В комнате стояла мертвая тишина. Все, затаив дыхание, смотрели на Кэ-мина, ожидая, что он будет делать. Госпожа Чжан побледнела. Цзюе-ин потерял всю свою храбрость и робко взглянул на отца, как бы желая угадать, что тот собирается делать с ним. Бежать теперь было некуда. Он медленно, еле волоча ноги, подошел к отцу.
Кэ-мин в упор смотрел на сына. Вдруг он зло улыбнулся и по-прежнему негромким голосом сказал:
— Так вот ты какие подвиги совершаешь! Вот каким гнусным делам ты учишься!
— Это не я, это все Цзюе-цюнь, — подло оправдывался Цзюе-ин.
— Врешь! Это ты! Я не бил ее по лицу, — взволнованно вмешался Цзюе-цюнь.

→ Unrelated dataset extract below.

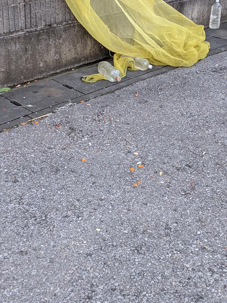 このように、ペットボトルを置いてもみかんの皮が散財するゴミ置き場があります

— Ты еще отпираешься! Совершил «геройство» и не хочешь признаваться! — заорал Кэ-мин и дал сыну пощечину, от которой остался красный след.
— Это не я! Это не я! Они наговаривают на меня! — мгновенно заревел Цзюе-ин, потирая рукой щеку.
— Ты хочешь брать пример с дяди Кэ-дина? Еще рано. Сколько тебе исполнилось в этом году? — злорадно усмехаясь, произнесла госпожа Шэнь. Но никто не обратил на нее внимания. В это время вошла Шу-хуа. Увидя ее, Цзюе-ин изменился в лице. Он понял, что отпираться бесполезно, и опустил голову.
— Шу-хуа, скажи, пожалуйста, ты видела, как Цзюе-ин и Цзюе-цюнь издевались над Чунь-лань, и разняла их, не так ли? — первая обратилась к ней госпожа Шэнь. Цзюе-синь не успел ничего сказать, он только смотрел на Шу-хуа и взглядом умолял не говорить всю правду. Но Шу-хуа будто не поняла этого и даже не ответила на его взгляд.
— Говори, Шу-хуа, говори, — услышала она голос госпожи Чжан и, обращаясь к ней, коротко рассказала о происшедшем. Она говорила быстро, будто опасаясь, что кто-нибудь прервет ее. Каждое слово ее было радостью для госпожи Шэнь и ударом для Кэ-мина и госпожи Чжан. Цзюе-синь втайне надеялся, что она, наконец, замолчит, но она была беспощадна и продолжала говорить.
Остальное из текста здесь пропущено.